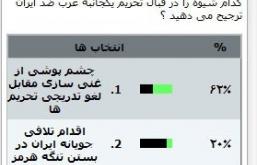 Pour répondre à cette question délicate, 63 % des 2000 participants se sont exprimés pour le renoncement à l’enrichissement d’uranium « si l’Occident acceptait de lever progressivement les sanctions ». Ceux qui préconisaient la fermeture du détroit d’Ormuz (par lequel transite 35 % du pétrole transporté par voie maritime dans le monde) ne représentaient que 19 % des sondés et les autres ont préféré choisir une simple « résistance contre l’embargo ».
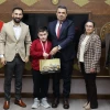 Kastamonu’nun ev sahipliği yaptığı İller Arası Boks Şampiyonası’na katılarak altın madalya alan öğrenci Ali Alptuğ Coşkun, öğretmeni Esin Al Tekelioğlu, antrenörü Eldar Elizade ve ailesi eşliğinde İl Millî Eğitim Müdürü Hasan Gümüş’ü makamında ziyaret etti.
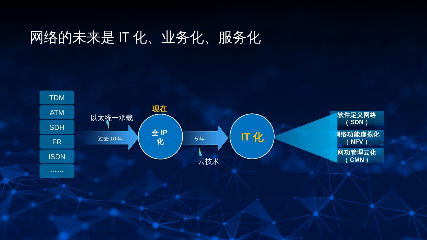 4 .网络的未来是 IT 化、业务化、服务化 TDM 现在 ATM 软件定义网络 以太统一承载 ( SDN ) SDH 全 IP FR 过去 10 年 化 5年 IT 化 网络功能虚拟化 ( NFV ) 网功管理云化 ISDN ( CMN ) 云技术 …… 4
- - - - -
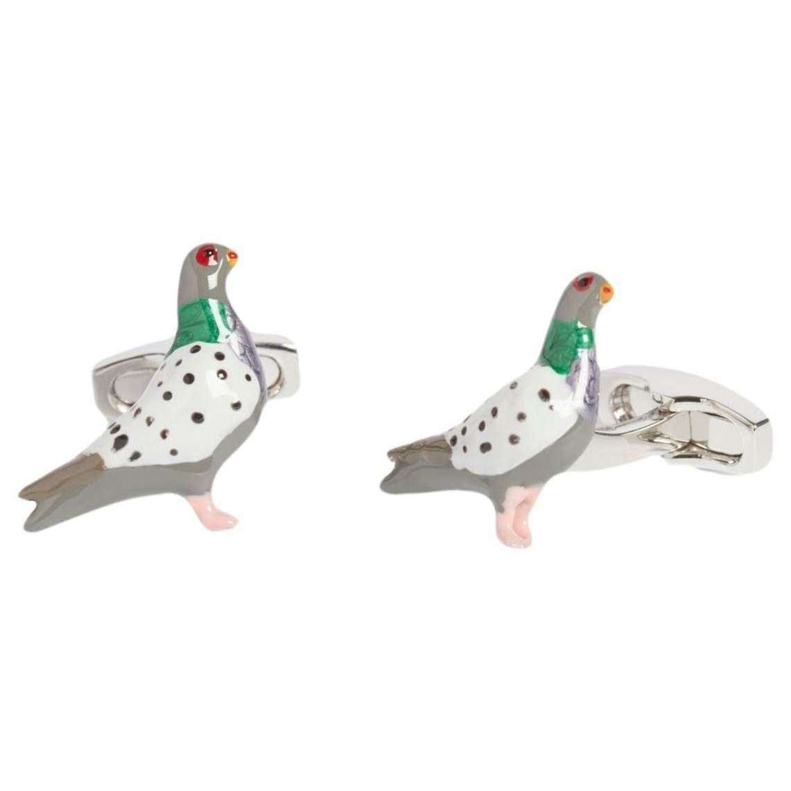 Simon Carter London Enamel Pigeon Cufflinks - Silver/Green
- - - - -
▶ **Task directions**
Your copy should hold only the lines above from the one containing "Kastamonu’nun ev sahipliği" through the one containing "4 .网络的未来是 IT", exactly as written and free of pictures.

▶ **Expected answer**
 Kastamonu’nun ev sahipliği yaptığı İller Arası Boks Şampiyonası’na katılarak altın madalya alan öğrenci Ali Alptuğ Coşkun, öğretmeni Esin Al Tekelioğlu, antrenörü Eldar Elizade ve ailesi eşliğinde İl Millî Eğitim Müdürü Hasan Gümüş’ü makamında ziyaret etti.
 4 .网络的未来是 IT 化、业务化、服务化 TDM 现在 ATM 软件定义网络 以太统一承载 ( SDN ) SDH 全 IP FR 过去 10 年 化 5年 IT 化 网络功能虚拟化 ( NFV ) 网功管理云化 ISDN ( CMN ) 云技术 …… 4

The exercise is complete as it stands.